Directions: I'd like the data below restated word for word, with the pictures left out.
Provided material section start
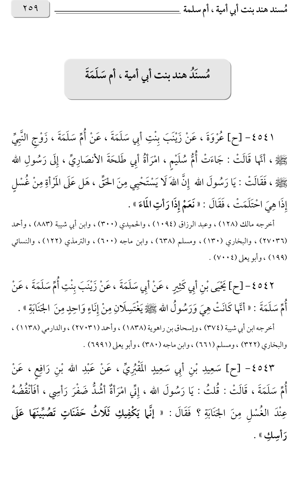 ٤٥٤٣ - [ح] سَعِيدِ بْنِ أبِي سَعِيدٍ المَقْبُرِيِّ، عَنْ عَبْدِ الله بْنِ رَافِعٍ، عَنْ أُمِّ سَلَمَةَ، قَالَتْ: قُلتُ: يَا رَسُولَ الله، إِنِّي امْرَأةٌ أشُدُّ ضَفْرَ رَأسِي، أفَأنْقُضُهُ عِنْدَ الغُسْلِ مِنَ الجَنَابَةِ؟ فَقَالَ: «إنَّما يَكْفِيكِ ثَلَاثُ حَفَنَاتٍ تَصُبِّينَهَا عَلَى رَأسِكِ».
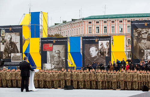 Президент Петро Порошенко з нагоди 75-╖ р╕чниц╕ створення Укра╖нсько╖ повстансько╖ арм╕╖ в╕дзначив боротьбу во╖н╕в УПА проти двох потужних тотал╕тарних режим╕в, кожен з яких прагнув поневолити або винищити укра╖нц╕в. Глава держави процитував фрагмент присяги вояка УПА: «Боротись за повне визволення вс╕х укра╖нських земель ╕ укра╖нського народу в╕д загарбник╕в та здобути Укра╖нську Самост╕йну Соборну Державу. В ц╕й боротьб╕ не пожал╕ю н╕ кров╕, н╕ життя, ╕ буду битись до останнього в╕ддиху ╕ остаточно╖ перемоги над ус╕ма ворогами Укра╖ни». Президент наголосив: «Водночас данина ╕сторичн╕й пам’ят╕ не повинна робити тепер╕шн╓ та майбутн╓ заручником минулого. Ми пам’ята╓мо все величне, не забуваючи ╕ про важк╕ стор╕нки нашо╖ ╕стор╕╖». В╕н нагадав про мудру пораду ╤вана Павла Другого – прощати ╕ просити прощення, тобто в╕дчувати не лише св╕й б╕ль, але й чужий. Глава держави зауважив, що це важливо для того, щоб мати добр╕ стосунки ╕ дов╕ру з ╓вропейськими сус╕дами. «П╕д час Друго╖ св╕тово╖ частина укра╖нц╕в чинила оп╕р одразу двом потужним тотал╕тарним режимам, кожен з яких прагнув поневолити або винищити нас. Для б╕льшост╕ наших д╕д╕в та прад╕д╕в в╕йна зак╕нчилася у травн╕ сорок п’ятого. Але не для вояк╕в УПА. ╥хня боротьба з комун╕стичним тотал╕тарним режимом тривала ще б╕льше десяти рок╕в», - нагадав Петро Порошенко. За його словами, аби здолати во╖н╕в УПА московський режим вдавався до нелюдських метод╕в. Так, 21 жовтня виповниться с╕мдесят рок╕в акц╕╖ «Запад», коли буквально протягом одного дня стал╕нськ╕ карател╕ депортували ╕з зах╕дних областей Укра╖ни до Сиб╕ру понад 76 тис. укра╖нц╕в. «Гарантувати, що н╕коли б╕льше не повторяться под╕бн╕ трагед╕╖, можна лише, коли ми ма╓мо свою м╕цну, сильну, в╕льну ╕ незалежну державу. А для того нам потр╕бна сильна арм╕я, яку ми створили протягом трьох рок╕в ╕ яку пост╕йно зм╕цню╓мо», - зауважив Глава держави, додавши, що сьогодн╕ з Соф╕йсько╖ площ╕ вирушить в одну з в╕йськових частин, щоб передати чергову парт╕ю збро╖ та техн╕ки – дв╕ст╕ одиниць, серед яких 62 танки. Президент висловив слова щиро╖ вдячност╕ ус╕м в╕йськовослужбовцям за геро╖зм ╕ мужн╕сть, самопожертву ╕ звитягу, патр╕отизм ╕ в╕рн╕сть присяз╕. В╕н також подякував ус╕м, хто реальними справами п╕дтриму╓ сьогодн╕ укра╖нське в╕йсько та ветеран╕в АТО. «Княжий дружинник, запорозький козак, c╕човий стр╕лець та во╖н Укра╖нсько╖ народно╖ республ╕ки, вояк УПА та солдат Друго╖ св╕тово╖, б╕йц╕ Збройних Сил та Нац╕онально╖ гвард╕╖, ╕нших силових п╕дрозд╕л╕в – покол╕ння за покол╕нням звитяжно боронили Батьк╕вщину. Зал╕зом, власним потом та кров’ю робили внесок у справу незалежност╕ Укра╖ни. ╤ ми з вами пиша╓мося нашою ╕стор╕╓ю», - п╕дкреслив Петро Порошенко. Глава держави також в╕дзначив стор╕ччя Арм╕╖ Укра╖нсько╖ Народно╖ Республ╕ки, яка боронила укра╖нськ╕ земл╕ в╕д збройно╖ агрес╕╖ з боку червоно╖ ╕ б╕ло╖ Рос╕╖. «Симон Петлюра, ╢вген Коновалець, Петро Болбочан, Марко Безручко, Всеволод Петр╕в, а також тисяч╕ солдат╕в ╕ оф╕цер╕в чинили запеклий оп╕р ворогам. Вони вписали чимало геро╖чних стор╕нок в ╕стор╕ю укра╖нського в╕йська. Саме ╖м присвячена виставка, розм╕щена сьогодн╕ тут, на Соф╕йськ╕й площ╕, ╕ 
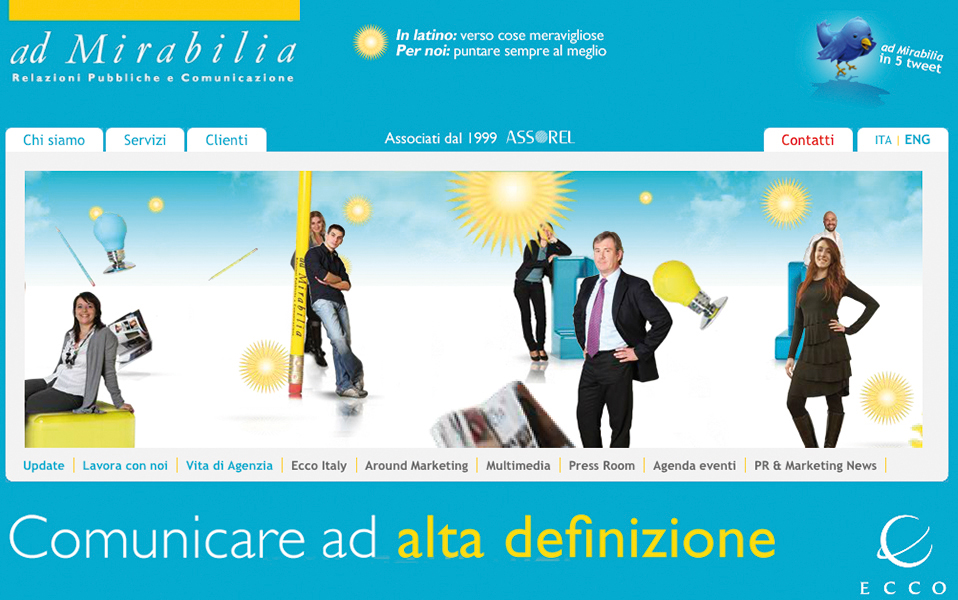 AD MIRABILIAEngitel ha realizzato il nuovo sito web di AD MIRABILIA, agenzia milanese di relazioni pubbliche e comunicazione d’impresa specializzata nella corporate, product e marketing communication fondata nel 1990 da Lorenza Bassetti.
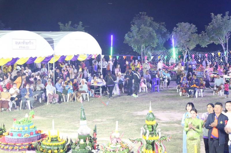 รายละเอียด : กิจกรรมประเพณีวันลอยกระทง ประจำปี 2566 จัดขึ้นในวันจันทร์ที่ 27 พฤศจิกายน 2566 ณ ลานนวัตวิถีชุมชนบ้านโนนสำโรง ลำน้ำห้วยวะ หมู่ที่ 7 ตำบลกล้วยกว้าง อำเภอห้วยทับทัน จังหวัดศรีสะเกษ
Provided material section end
Expected answer:
 ٤٥٤٣ - [ح] سَعِيدِ بْنِ أبِي سَعِيدٍ المَقْبُرِيِّ، عَنْ عَبْدِ الله بْنِ رَافِعٍ، عَنْ أُمِّ سَلَمَةَ، قَالَتْ: قُلتُ: يَا رَسُولَ الله، إِنِّي امْرَأةٌ أشُدُّ ضَفْرَ رَأسِي، أفَأنْقُضُهُ عِنْدَ الغُسْلِ مِنَ الجَنَابَةِ؟ فَقَالَ: «إنَّما يَكْفِيكِ ثَلَاثُ حَفَنَاتٍ تَصُبِّينَهَا عَلَى رَأسِكِ».
 Президент Петро Порошенко з нагоди 75-╖ р╕чниц╕ створення Укра╖нсько╖ повстансько╖ арм╕╖ в╕дзначив боротьбу во╖н╕в УПА проти двох потужних тотал╕тарних режим╕в, кожен з яких прагнув поневолити або винищити укра╖нц╕в. Глава держави процитував фрагмент присяги вояка УПА: «Боротись за повне визволення вс╕х укра╖нських земель ╕ укра╖нського народу в╕д загарбник╕в та здобути Укра╖нську Самост╕йну Соборну Державу. В ц╕й боротьб╕ не пожал╕ю н╕ кров╕, н╕ життя, ╕ буду битись до останнього в╕ддиху ╕ остаточно╖ перемоги над ус╕ма ворогами Укра╖ни». Президент наголосив: «Водночас данина ╕сторичн╕й пам’ят╕ не повинна робити тепер╕шн╓ та майбутн╓ заручником минулого. Ми пам’ята╓мо все величне, не забуваючи ╕ про важк╕ стор╕нки нашо╖ ╕стор╕╖». В╕н нагадав про мудру пораду ╤вана Павла Другого – прощати ╕ просити прощення, тобто в╕дчувати не лише св╕й б╕ль, але й чужий. Глава держави зауважив, що це важливо для того, щоб мати добр╕ стосунки ╕ дов╕ру з ╓вропейськими сус╕дами. «П╕д час Друго╖ св╕тово╖ частина укра╖нц╕в чинила оп╕р одразу двом потужним тотал╕тарним режимам, кожен з яких прагнув поневолити або винищити нас. Для б╕льшост╕ наших д╕д╕в та прад╕д╕в в╕йна зак╕нчилася у травн╕ сорок п’ятого. Але не для вояк╕в УПА. ╥хня боротьба з комун╕стичним тотал╕тарним режимом тривала ще б╕льше десяти рок╕в», - нагадав Петро Порошенко. За його словами, аби здолати во╖н╕в УПА московський режим вдавався до нелюдських метод╕в. Так, 21 жовтня виповниться с╕мдесят рок╕в акц╕╖ «Запад», коли буквально протягом одного дня стал╕нськ╕ карател╕ депортували ╕з зах╕дних областей Укра╖ни до Сиб╕ру понад 76 тис. укра╖нц╕в. «Гарантувати, що н╕коли б╕льше не повторяться под╕бн╕ трагед╕╖, можна лише, коли ми ма╓мо свою м╕цну, сильну, в╕льну ╕ незалежну державу. А для того нам потр╕бна сильна арм╕я, яку ми створили протягом трьох рок╕в ╕ яку пост╕йно зм╕цню╓мо», - зауважив Глава держави, додавши, що сьогодн╕ з Соф╕йсько╖ площ╕ вирушить в одну з в╕йськових частин, щоб передати чергову парт╕ю збро╖ та техн╕ки – дв╕ст╕ одиниць, серед яких 62 танки. Президент висловив слова щиро╖ вдячност╕ ус╕м в╕йськовослужбовцям за геро╖зм ╕ мужн╕сть, самопожертву ╕ звитягу, патр╕отизм ╕ в╕рн╕сть присяз╕. В╕н також подякував ус╕м, хто реальними справами п╕дтриму╓ сьогодн╕ укра╖нське в╕йсько та ветеран╕в АТО. «Княжий дружинник, запорозький козак, c╕човий стр╕лець та во╖н Укра╖нсько╖ народно╖ республ╕ки, вояк УПА та солдат Друго╖ св╕тово╖, б╕йц╕ Збройних Сил та Нац╕онально╖ гвард╕╖, ╕нших силових п╕дрозд╕л╕в – покол╕ння за покол╕нням звитяжно боронили Батьк╕вщину. Зал╕зом, власним потом та кров’ю робили внесок у справу незалежност╕ Укра╖ни. ╤ ми з вами пиша╓мося нашою ╕стор╕╓ю», - п╕дкреслив Петро Порошенко. Глава держави також в╕дзначив стор╕ччя Арм╕╖ Укра╖нсько╖ Народно╖ Республ╕ки, яка боронила укра╖нськ╕ земл╕ в╕д збройно╖ агрес╕╖ з боку червоно╖ ╕ б╕ло╖ Рос╕╖. «Симон Петлюра, ╢вген Коновалець, Петро Болбочан, Марко Безручко, Всеволод Петр╕в, а також тисяч╕ солдат╕в ╕ оф╕цер╕в чинили запеклий оп╕р ворогам. Вони вписали чимало геро╖чних стор╕нок в ╕стор╕ю укра╖нського в╕йська. Саме ╖м присвячена виставка, розм╕щена сьогодн╕ тут, на Соф╕йськ╕й площ╕, ╕ 
 AD MIRABILIAEngitel ha realizzato il nuovo sito web di AD MIRABILIA, agenzia milanese di relazioni pubbliche e comunicazione d’impresa specializzata nella corporate, product e marketing communication fondata nel 1990 da Lorenza Bassetti.
 รายละเอียด : กิจกรรมประเพณีวันลอยกระทง ประจำปี 2566 จัดขึ้นในวันจันทร์ที่ 27 พฤศจิกายน 2566 ณ ลานนวัตวิถีชุมชนบ้านโนนสำโรง ลำน้ำห้วยวะ หมู่ที่ 7 ตำบลกล้วยกว้าง อำเภอห้วยทับทัน จังหวัดศรีสะเกษ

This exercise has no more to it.